I was thankful I hadn’t eaten the meals she’d brought me earlier because they would’ve come back up then.

I’d read her words. I’d believed her when she said Lachlan planned to kill everyone anyway. But my stomach heaved and my knees weakened at the realization of the immediate danger my parents were in...and I had no way of warning them.

“I’ll take that as a yes,” the winking girl said as she grabbed my forearm and pulled me with her, faster than before. Slipping her phone out of her pocket with her free hand as she did and tapping on the screen as she rushed me through the room, keeping us close to the exposed brick wall.

“Where are you taking me?”

“I already told you,” she said distractedly as we came to a stop in front of an oversized elevator.

“You didn’t—”

“Hush,” she snapped as she studied the brightly lit screen for a while longer, leaving me anxiously looking around at the containers, tanks, and neatly stacked supplies. Waiting for neon red to pop out from behind one of them at any moment.

With a steadying breath, the girl pocketed her phone and pressed the up button for the elevator, then looked at me with that unnerving head tilt before reaching for the bottom of my shirt and pulling it up.

I reared back and tried twisting away from her, slapping at her hands as I did. “What—no.
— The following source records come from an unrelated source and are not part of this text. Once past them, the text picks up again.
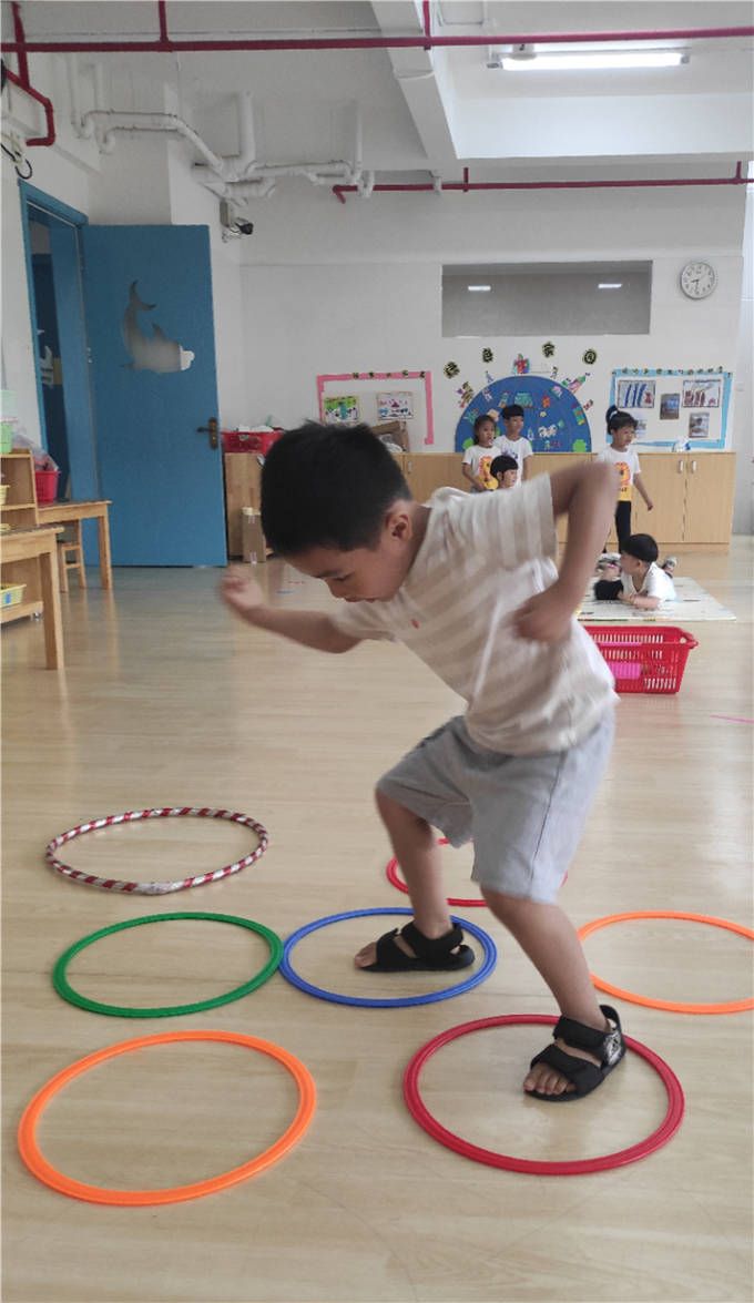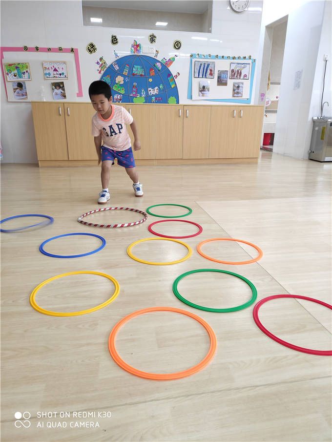 孩子们把圈圈当作一个个的泥坑,他们鼓足了勇气跳过泥坑。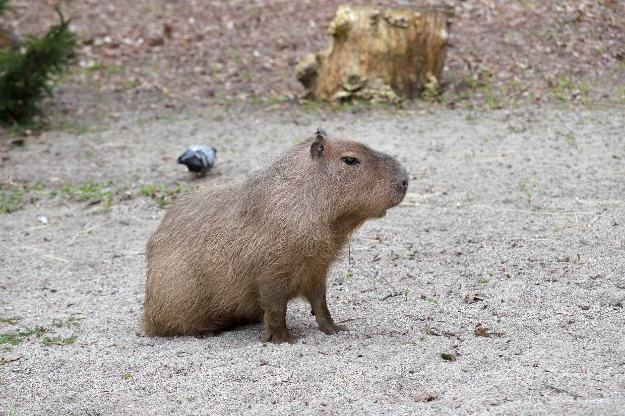 Капибары – отличные пловцы и заядлые купальщики, поэтому у них целых два бассейна – в уличном вольере и в помещении.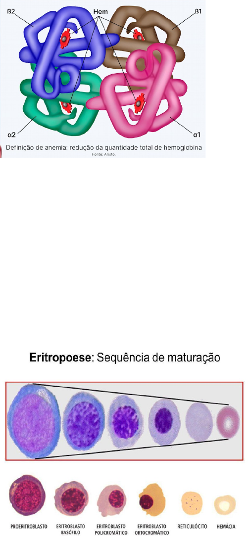 Anemias Definição: Redução da quantidade total de hemoglobina ou da carga eritrocitária. Hemoglobina: Estrutura quaternária, de agrupamento de globinas, 2 alfa e 2 betas, e 4 agrupamentos de M, onde o ferro se associa e incorpora o oxigênio. Epidemiologia · 40% dos pacientes entre 6 meses e 5 anos, sendo a doença crônica mais comum da infância. · 37% das gestantes. Classificação · A partir dos reticulócitos · A partir do padrão de hemácias Conceitos importantes · HCM: representa a "cor" da hemácia, ou seja, se ela tem uma concentração maior ou menor de hemoglobina. Divide as anemias em hipocrômicas, normocrômicas e hipercrômicas; · VCM: avalia o tamanho da hemácia, permitindo a divisão das anemias em microcíticas, normocíticas e macrocíticas; · RDW: avalia o grau de anisocitose de uma anemia (ou seja, o quanto as hemácias são diferentes entre si de acordo com sua forma); · Reticulócitos: avalia a quantidade de "hemácias jovens". Reticulócitos · Células da cadeia de maturação das hemácias, quando as mesmas já se encontram quase no fim do processo, sendo a fase prévia à formação das hemácias maduras. · 2,5% é a quantidade normal. · Se: · > 2,5% >> Anemias hiperproliferativas · > Anemias hipoproliferativas Anemias hiperproliferativas · Sangramento agudo · Anemia hemolítica aguda Anemias hipoproliferativas · Anemia ferropriva · Anemia de doença crônica · Anemias megaloblástica A partir do padrão das hemácias · Concentração de hemoglobina (HCM - hemoglobina corpuscular médio) · Hipocrômica (ferro reduzido) · Anemia ferropriva · Normocrômica · Anemia de doença crônica · Volume Corpuscular médio - VCM (tamanho da hemácia)/ Hipoproliferativas (índice de reticulócitos > Anemia falciforme · Corpúsculos de Heinz · Deficiência de G6PD Anemia Ferropriva (Anemia hipocrômica e microcítica, RDW aumentado e reticulócitos diminuídos.) · Anemia mais comum · Associado a vulnerabilidade social e desnutrição Mecanismos · Aumento da perda de sangue · Menorragia · Sangramento gastrointestinal · Trauma · Aumento da demanda de ferro (Gravidez ou primeira infância) · Redução da ingesta de ferro · Anemia carencial · Absorção do ferro deficiênte · Cirurgia bariátrica · Doenças inflamatórias intestinais Clínica · Assintomática/ Fadiga/ Intolerância aos esforços · Perversões de apetite/ picas (comer gelo, pedras etc.) · Queilite angular (casos mais avançados) · Coiloníquia (unha em formato de colher) · Síndrome de Plummer-Vinson · Anemia + Disfagia · Membrana esofágica · Síndrome das pernas inquietas (em especial na infância) Investigação etiológica · Adulto ou idoso com anemia ferropriva · SEMPRE INVESTIGAR · “Sangramento gastrointestinal até que se prove o contrário” · Investigar neoplasia intestinal (Cólon e estômago) · Colonoscopia Diagnóstico Laboratorial · Microcítica, Hipocrômica, RDW aumentado (anisocitose) · Com menos frequência, pode ser normocítica e normocrômica · Contagem de reticulócitos - Reduzida · Ferro sérico - Reduzido · Ferritina - Reduzida · Transferrina - Aumentada (proteína que transporta o ferro no sangue) · Ocorre um aumento a capacidade de ligação ao ferro, como há uma diminuição do ferro sérico na anemia ferropriva, as transferrinas estão “vazias”, aumentando sua capacidade de se ligar ao ferro. · Saturação de transferrina - Reduzida · Total iron binding capacity (TIBC) · Mede a avidez por ferro · Aumentado · Pode haver trombocitose (aumento da produção devido a estímulos para aumento da produção de hemácias) Diagnósticos diferenciais · Talassemias · Microcítica + Hipocrômica + RDW normal · Anemia de inflamação · Doença de base/ Normocítica Tratamento · Conforme a gravidade · Anemia aguda grave: transfusão · População em geral: se Hb 100 · Causas: Alcoolismo, reticulocitose, hipotireoidismo, mielodisplasia · Anemia megaloblástica · Carência de B9 e B12 · VCM > 110 · Prejuízos na divisão celular Mecanismos · Baixa ingestão de B12 (cobalamina) ou B9 (folato) · Absorção deficiente · Perniciosa · Doenças autoimunes com destruição das células parietais do estômago · Ausência do fator intrínseco · Cirurgia gástrica/ intestinal · Doença inflamatória intestinal · Medicações · Inibidor de bomba de prótons (B12) · Metformina (B12) · Metotrexato (B9) Clínica · Astenia · Diarreia · Prejuízo na divisão celular, com dificuldade para a renovação celular, incluindo do epitélio intestinal · Icterícia · Pela eritropoiese ineficaz, aumenta a destruição dessas hemácias defeituosas, com aumento da bilirrubina indireta. · Glossite · Comprometimento neurológico · Raro na deficiência isolada de folato · Neuropatia periférica · Síndromes demenciais · Parestesia Diagnóstico · Anemia megaloblástica: VCM > 110 · Neutrófilos plurissegmentares · Pancitopenia · Hiperbilirrubinemia indireta - Destruição intramedular de células defeituosas devido à eritropoiese ineficaz · Dosagem de B12 e B9 · Dosagem de homocisteína e ácido metilmalônico (não muito utilizado devido a maior facilidade em dosar diretamente B12 e B9) · Acumulam-se na deficiência de B12 · Deficiência de B9 - Acúmulo apenas de homocisteína · LDH aumentado devido hemólise secundária à anemia Tratamento · Antes de repor folato, verificar a reserva de B12 · Reposição isolada de B9 pode precipitar neuropatia · Reposição profilática de folato em pacientes com desejo de engravidar/ grávidas · Reposição oral de folato/ Injeções decobalamina Como obter vitamina B12 na dieta? Por meio de fontes animais! Por isso os vegetarianos possuem maior risco de desenvolver deficiência dessa vitamina. Como ocorre a absorção da B12? A vitamina B12 é ingerida,e chega ao estômago. Lá, o ambiente ácido promove a sua liberação dos demais nutrientes, e ela se combina com o lig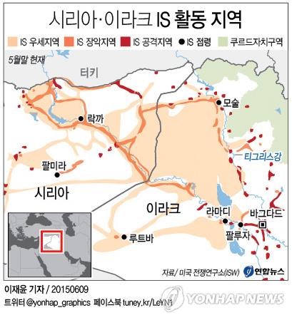 100개국의 지하디스트 2만여명을 모은 IS는 시리아 동부와 이라크 서부를 중심으로 점령지를 늘렸다. IS는 지난달 시리아 정부군으로부터 마지막 남은 시리아-이라크 국경 검문소를 빼앗아 지도에서 국경선을 지워버렸다.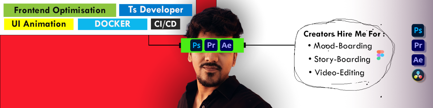 What I do ? @Video Editing ✔️ Documentary, Podcast, Vlog, Interview ✔️ Ads / Reels / shorts ✔️ Color/Sound Design @Software- Frontend / Backend ✔️ UI-Animation ✔️ Docker / CI-CD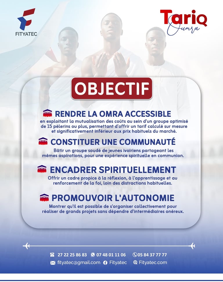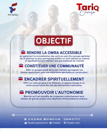 Tariq Omra s'adresse à toute la jeunesse musulmane de Côte d'Ivoire qui rêve d'accomplir ce pilier de la foi. Nous accordons une emphase particulière aux jeunes entrepreneurs qui cherchent à placer leurs affaires sous la bénédiction d'Allah et à renforcer leur baraka par un acte d'adoration sincère.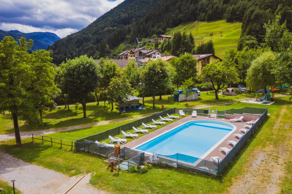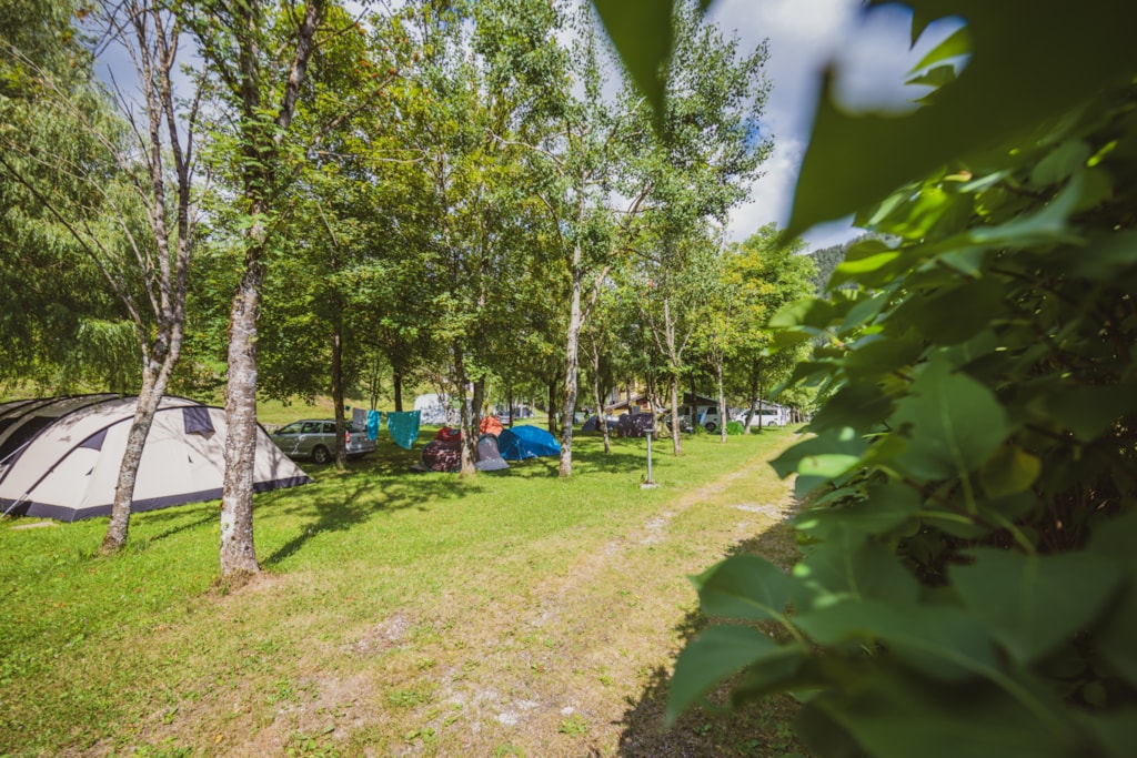 Gemutlich, komfortabel und schattige Plätze auf Rasen für Zelte, Wohnwagen oder Campingbusse laden zu einem erholsamen Urlaub inmitten der wunderschönen Berge des Ledrotals ein.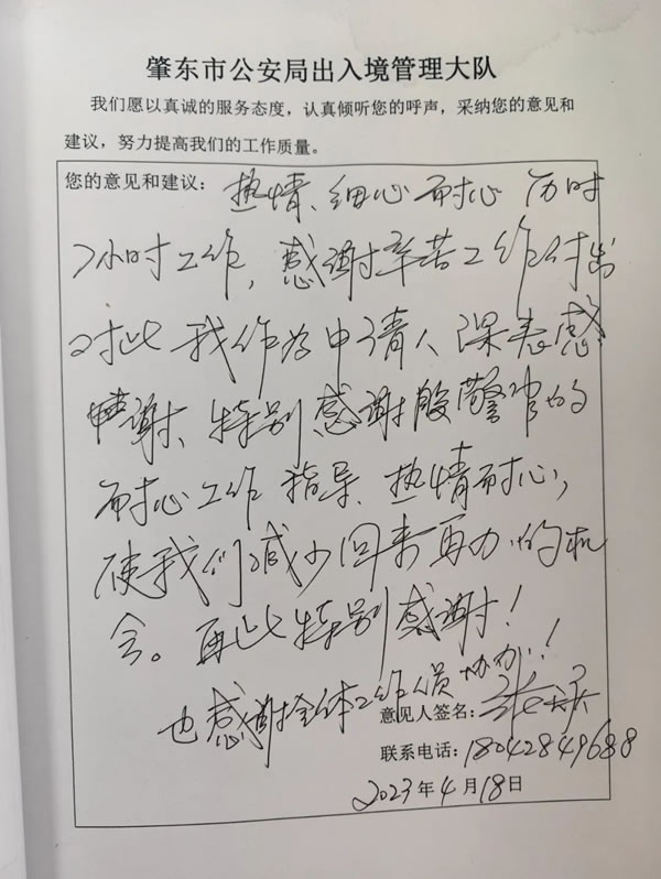 4月18日,從香港返鄉(xiāng)的肇東籍居民張先生攜妻子陳女士來到肇東市公安局出入境接待大廳,妻子陳女士是香港人,兩人此次是專程飛回來辦理張先生赴香港定居手續(xù),為了不耽誤二人的返程時(shí)間,辦證民警加班加點(diǎn)忙碌兩個(gè)多小時(shí)為張先生辦理通過所需辦證材料,張先生感動不已,連連說:“家鄉(xiāng)人太好了,你們出入境民警太暖心了!”當(dāng)即寫下一封感謝信表達(dá)心情。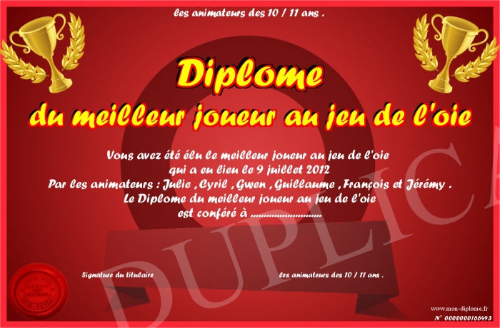 Envoyez par email votre Diplôme du meilleur joueur au jeu de l'oie personalisé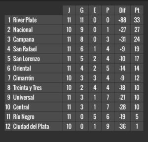 Más allá de que restan jugarse un par de partidos, Nacional ante Treinta y Tres de la fecha once y Ciudad del Plata con Cimarrón de la nueve, se conoció en la pasada noche el campeón del Apertura que tal como era previsto terminó siendo River Plate. El albirrojo goleó una vez más, ganó con un mínimo de cuatro goles de ventaja a todos sus rivales y en varios manejó más de diez de amplitud, y festejó un título absolutamente merecido.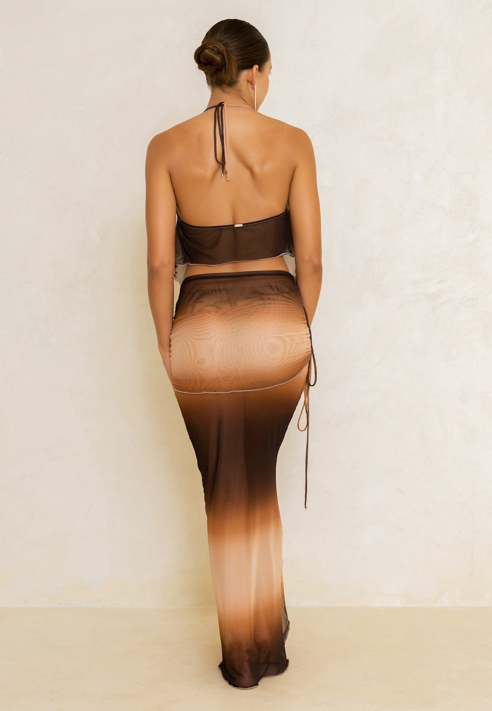 O Top Solstício é uma opção leve e impactante para uma ocasião especial. O Top foi criado para crescer na sua potência total junto a Saia Solstício. As duas peças criam um ar elegante e totalmente surpreendente. As alças são tiras reguláveis elegantemente acabadas com ponteiras banhadas em ouro.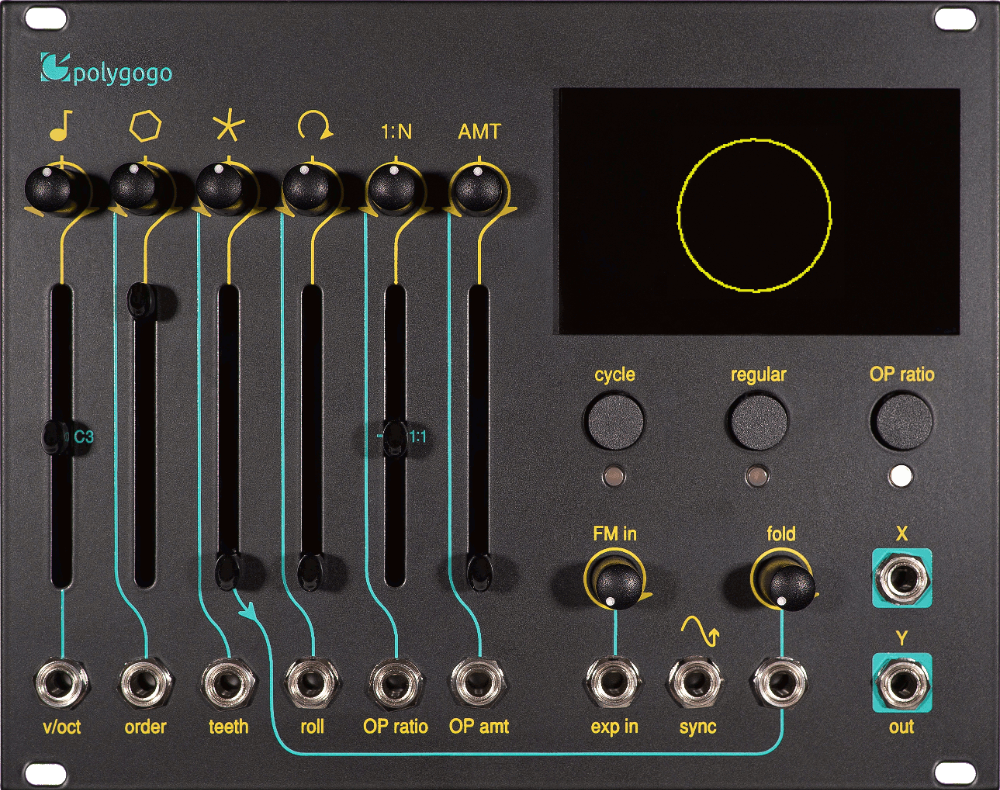E-RM polygogo is the first digital stereo oscillator featuring the brand new polygon synthesis technique. Based on the complex two-dimensional modelling of sine wave amplitude, the Polygogo is a high-quality, performance-oriented instrument with which to explore fascinating sounds and shapes. Thanks to the combination of polygon synthesis, two internal modulation sources and a fully analogue overflow stage, the module is capable of generating an extremely wide range of animated spectra, from lush drones and massive basses to sounds reminiscent of acoustic instruments.

What are you—oh my God, stop,” I ground out when she practically ripped the shirt off me—partially from embarrassment and confusion, partially from pain—and hurried to cover my bare breasts as I struggled to right the mask she’d nearly taken with her.

“Lachlan’s seen you in this.”

“So?”

“He’s dangerously perceptive,” she said as she quickly removed her own shirt and forced it over my head, inside out, as if I were a toddler. “But these are my clothes anyway, so...we might just pull this off.”

“Pull what off?”

“From here on out, stop asking questions. Better yet—stop talking,” she said as if she’d greatly prefer that, then hurried into the shirt I’d been in before. “Look like you belong. And just let whatever happens happen.”

A stunned sound punched from me. “What’s going to—”

“I said no,” she said over me when the wide doors opened behind her, her voice soft and with an edge of worry. “Look, you have two choices: You either go back in the room, and everyone you know starts dying, or you come with me, let the events of the night play out how they have to, and hope you can save everyone.”

“I can save everyone?”

“Jesus Christ,” she hissed as I followed her onto the elevator. “Do you ever stop asking questions? Don’t answer that,” she added quickly as she reached for the bottom of my shirt again to adjust it.

“No questions,” she reminded me as she started fluffing my hair, smacking the side of my head when I initially, instinctively tried shifting away from her. But the outright waver in her tone as the elevator climbed higher had me going still. “Act like you belong and have been there before, so don’t look around. Stay by my side no matter what.”